DIRECTIONS FOR THIS TASK — Pictures excluded, reproduce exactly the lines below from the one with "easy ankle mobility." through the one with "生物医药板块冲高回落,荣昌生", both included.

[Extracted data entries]
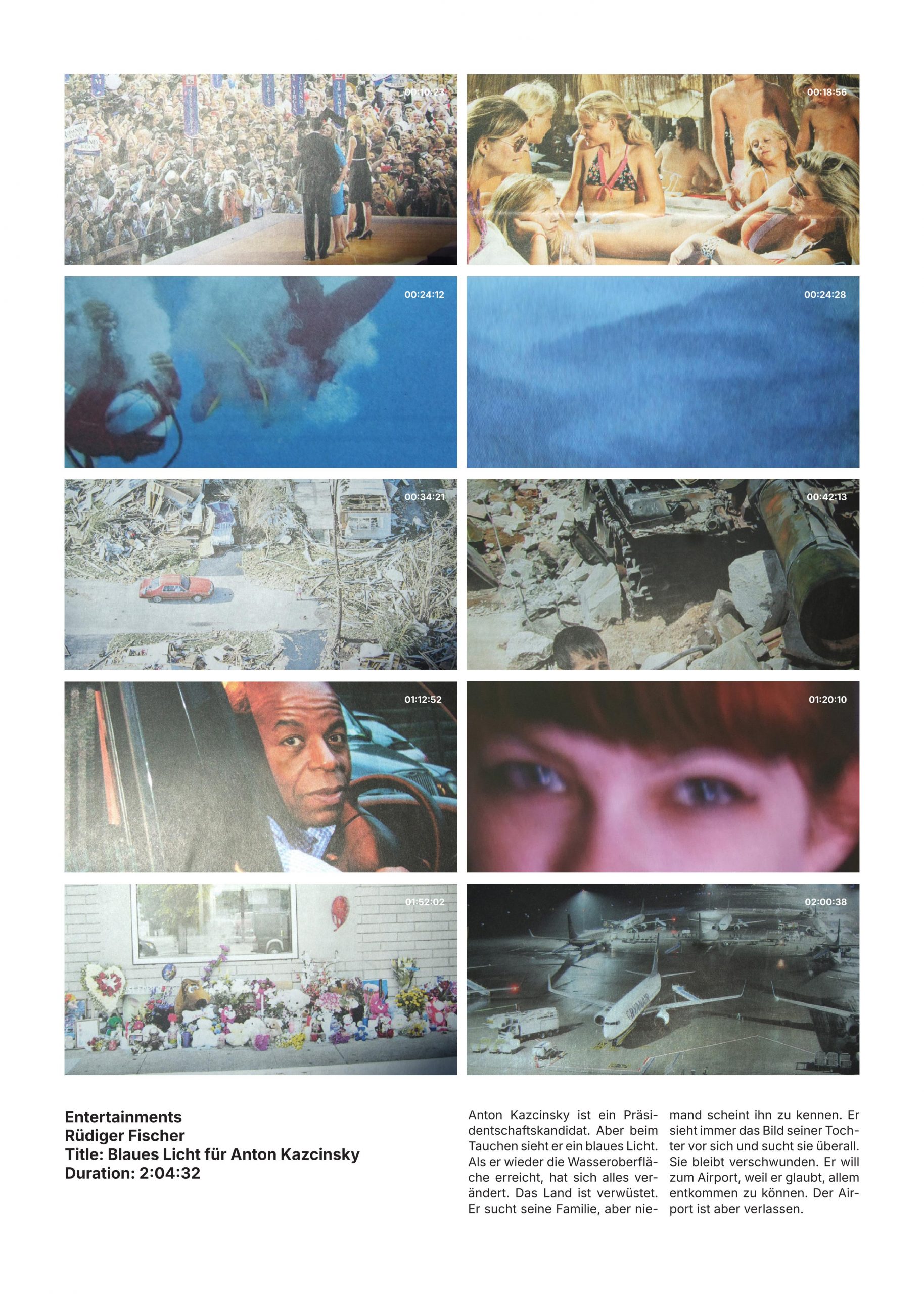 Alle diese Mashups erzählen eine dystopische (anti-utopische) Geschichte. Auch der Begriff der Entertainments ist einer dystopischen Erzählung entliehen: David Foster Wallace’ „Unendlicher Spaß“, in welcher der Underground-Regisseur James O. Incandenza und seine „Entertainments“ eine zentrale Rolle spielen. Meine Entertainments orientieren sich an den Archetypen des fantastischen Kinos. Wir erkennen diese Strukturen sofort: Der Weltuntergang, die geheime Organisation, die Flucht vor einer Bedrohung, der Kampf gegen fremde Mächte.
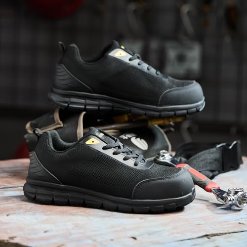 • Wide work shoes: Wide Toe Box Design composite toe sneaker,Roomy toe box offers ample space for toes to spread freely & naturally. mesh lining provides breathability and low-top lace-up design creates a sleek, sporty look with easy ankle mobility.
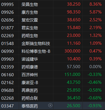 生物医药板块冲高回落,荣昌生物涨超8%。多家港股医药企业近期发布财报,成绩亮眼;部分港股上市药企在研产品取得阶段性突破。华鑫证券表示,完善创新药价格机制、构建多元化的支付体系,创新药的国内政策环境持续向好,同时海外临床数据陆续发布,对外授权进入高峰期,创新价值兑现加速。
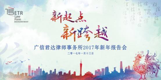 辞旧迎新,继往开来,告别充满收获的2016年,2017随春而至。2017年1月13日傍晚,广东广信君达律师事务所“新起点·新跨越”新年报告会在广州富力君悦大酒店隆重举行。
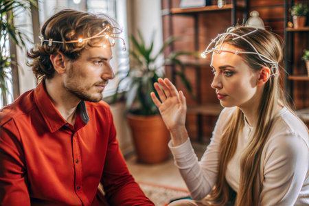 two people using brainwave technology to communicate with each other in a futuristic setting with monitors
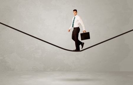An elegan businessman in suit balancing on a tight rope with a briefcase in front of grey urban wall background environment concept
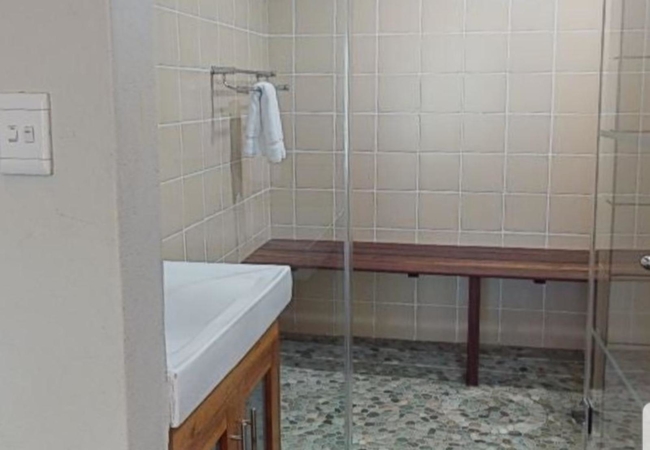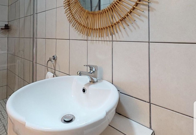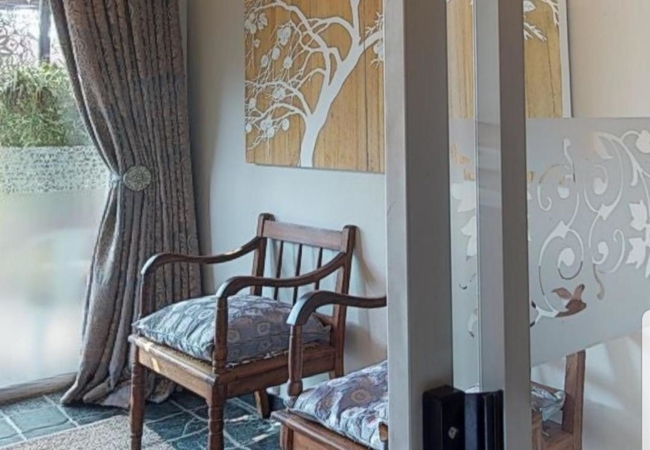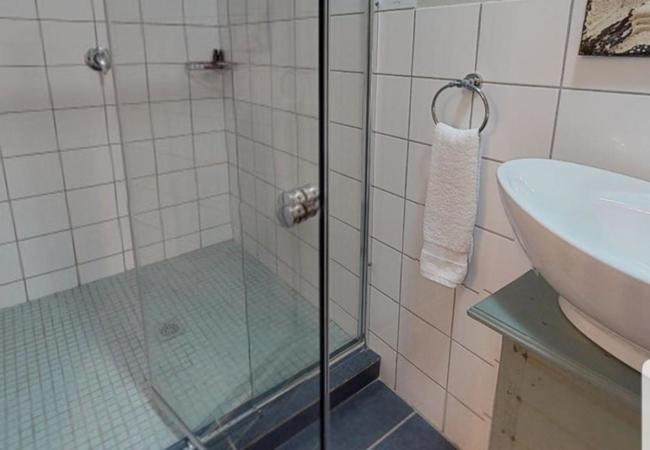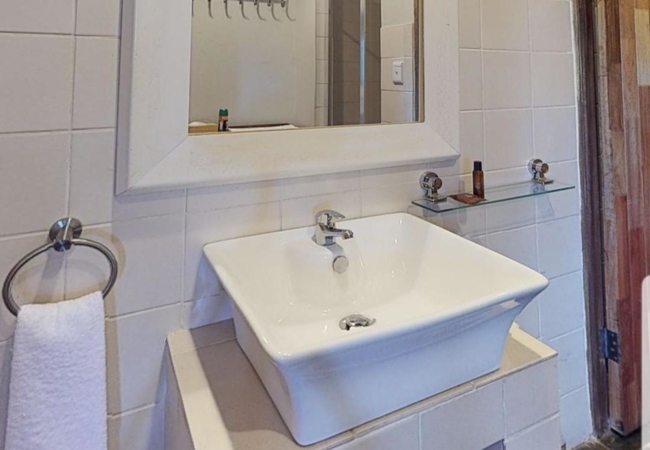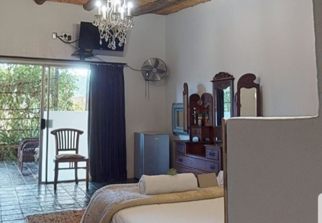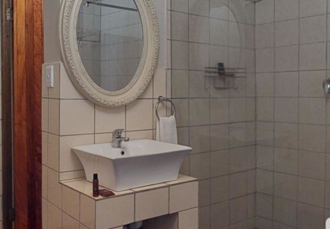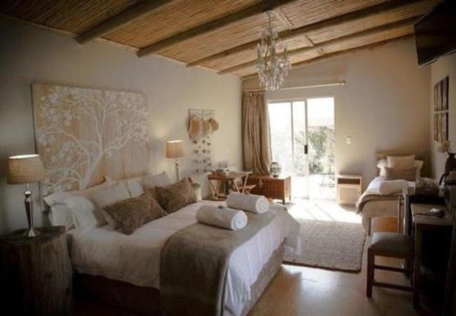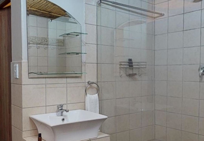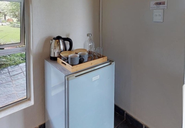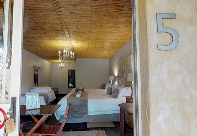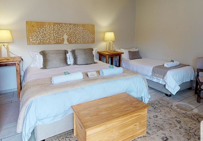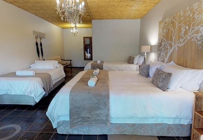 This suite is furnished with a Queen-size and two single beds. The en-suite bathroom is fitted with a shower, toilet and basin. The room is equipped with a 32" LED TV with SABC channels, e-TV and selected DSTV channels, Bar fridge, Air-con, coffee and tea facilities.

RESPONSE —
 • Wide work shoes: Wide Toe Box Design composite toe sneaker,Roomy toe box offers ample space for toes to spread freely & naturally. mesh lining provides breathability and low-top lace-up design creates a sleek, sporty look with easy ankle mobility.
 生物医药板块冲高回落,荣昌生物涨超8%。多家港股医药企业近期发布财报,成绩亮眼;部分港股上市药企在研产品取得阶段性突破。华鑫证券表示,完善创新药价格机制、构建多元化的支付体系,创新药的国内政策环境持续向好,同时海外临床数据陆续发布,对外授权进入高峰期,创新价值兑现加速。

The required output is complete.